Tutorial - Building an Inverted TF-IDF Index with Core API

In this tutorial we'll cover most of the topics involved in building a batch processing job with Jet's Core API. We'll show you how to decide on processor parallelism, partitioning and forwarding patterns on edges, and how to optimally leverage the Core API to build the vertex logic with minimum boilerplate.

The full code is available at the hazelcast-jet-code-samples repository:

TfIdfJdkStreams.java

TfIdf.java

Our example, the inverted index, is a basic data structure in the domain of full-text search. The goal is to be able to quickly find the documents that contain a given set of search terms, and to sort them by relevance. To understand it we'll need to throw in some terminology...

A document is treated as a list of words that has a unique ID. It is useful to define the notion of a document index which maps each document ID to the list of words it contains. We won't build this index; it's just for the sake of explanation.
The inverted index is the inverse of the document index: it maps each word to the list of documents that contain it. This is the fundamental building block in our search algorithm: it will allow us to find in O(1) time all documents relevant to a search term.
In the inverted index, each entry in the list is assigned a TF-IDF score which quantifies how relevant the document is to the search request.
- Let DF (document frequency) be the length of the list: the number of documents that contain the word.
- Let D be the total number of documents that were indexed.
- IDF (inverse document frequency) is equal to log(D/DF).
- TF (term frequency) is the number of occurrences of the word in the document.
- TF-IDF score is simply the product of TF * IDF.

Note that IDF is a property of the word itself: it quantifies the relevance of each entered word to the search request as a whole. The list of entered words can be perceived as a list of filtering functions that we apply to the full set of documents. A more relevant word will apply a stronger filter. Specifically, common words like "the", "it", "on" act as pure "pass-through" filters and consequently have an IDF of zero, making them completely irrelevant to the search.

TF, on the other hand, is the property of the combination of word and document, and tells us how relevant the document is to the word, regardless of the relevance of the word itself.

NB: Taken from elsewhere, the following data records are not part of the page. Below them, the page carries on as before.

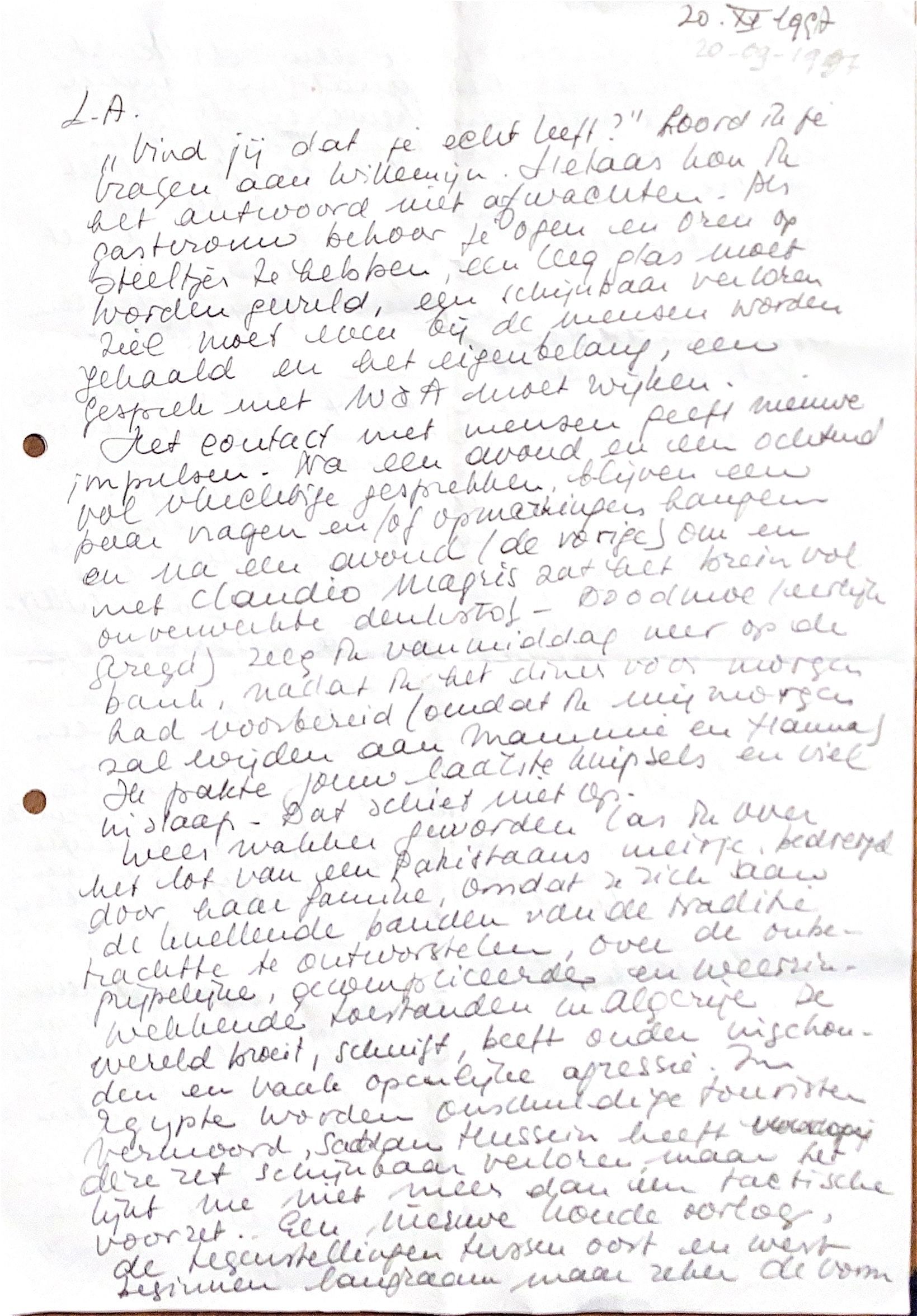 Het contact met mensen geeft nieuwe impulsen. Na een avond en een ochtend vol vluchtige gesprekken blijven een paar vragen en/of opmerkingen hangen en na een avond (de vorige) om Claudio Magris te citeren , zat het brein vol onverwerkte denkstof, doodmoe (eerlijk gezegd) zeeg ik vanmiddag neer op de bank, nadat ik het diner voor morgen had voorbereid (omdat ik mij morgen zal wijden aan Mammie en Hanna). Ik pakte jouw laatste knipsels en viel in slaap. Dat schiet niet op. Weer wakker geworden, las ik over het lot van een Pakistaans meisje, bedreigt door haar familie, omdat ze zich aan de knellende banden van de onbegrijpelijke, gecompliceerde en weerzinwekkende traditie in Algerije trachtte te ontworstelen. De wereld broeit, schuift, beeft onder ingehouden -en vaak openlijke agressie. In Egypte worden onschuldige toeristen vermoord; Saddam Hussein heeft deze zet schijnbaar verloren, maar het lijkt me niet meer dan een tactische voorzet. Een nieuwe koude oorlog, de tegenstellingen tussen Oost en West beginnen langzaam maar zeker de vorm aan te nemen van een godsdienstoorlog met al het fanatisme van-dien. Een beide partijen beweren de vrede na te streven.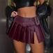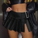 Street Fashion Side Buckle Slit Pleated Mini Skirt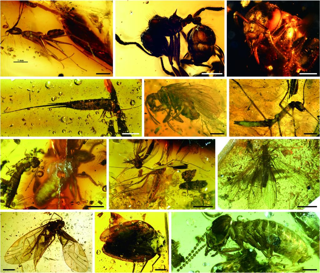 漳浦琥珀中的各种昆虫。中国科学院南京地质古生物研究所供图。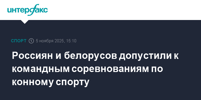 Москва. 5 ноября. INTERFAX.RU - Российские и белорусские спортсмены смогут участвовать в командных соревнованиях по конному спорту под нейтральным флагом с 1 января 2026 года, сообщила Международная федерация конного спорта (FEI).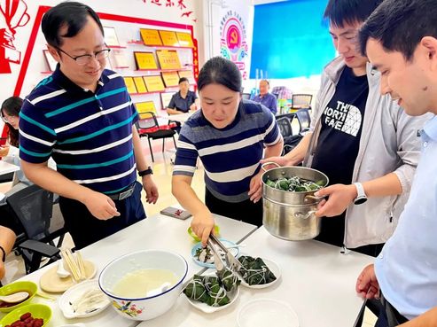 办公室变身“粽艺工坊”,糯米、红豆、列队待命!老师秒变 “厨房大神”,粽叶折成小漏斗,馅料塞满满,绳子一缠,齐活! 一个个四四方方的粽子闪亮登场,成就感直接爆棚!大家边包边唠家乡端午趣事,欢乐笑声都快掀翻食堂屋顶啦~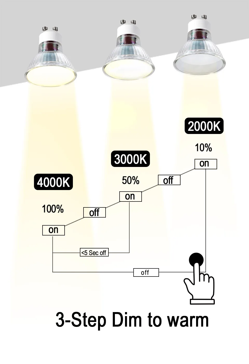 5 шт. Светодиодный точечный светильник GU10 AC 220-240 В лампа 3 шаг тусклый теплый 5 Вт 7 Вт SMD 100 ° комнатный светильник для спальни холодный теплый белый светильник Описание товара: Наименование товара: светодиодный прожектор Тип основания: GU10 Напряжение: 220-240 В переменного тока Мощность: 5 Вт/7 Вт CRI: 90 Угол луча: 100 ° Материал: алюминий + АБС-пластик Функция: 3 шага тусклый, чтобы согреться

When the user enters a search phrase:

each individual term from the phrase is looked up in the inverted index;
an intersection is found of all the lists, resulting in the list of documents that contain all the words;
each document is scored by summing the TF-IDF contributions of each word;
the result list is sorted by score (descending) and presented to the user.

Let's have a look at a specific search phrase:

the man in the black suit murdered the king

The list of documents that contain all the above words is quite long... how do we decide which are the most relevant? The TF-IDF logic will make those stand out that have an above-average occurrence of words that are generally rare across all documents. For example, "murdered" occurs in far fewer documents than "black"... so given two documents where one has the same number of "murdered" as the other one has of "black", the one with "murdered" wins because its word is more salient in general. On the other hand, "suit" and "king" might have a similar IDF, so the document that simply contains more of both wins.

Also note the limitation of this technique: a phrase is treated as just the sum of its parts; a document may contain the exact phrase and this will not affect its score.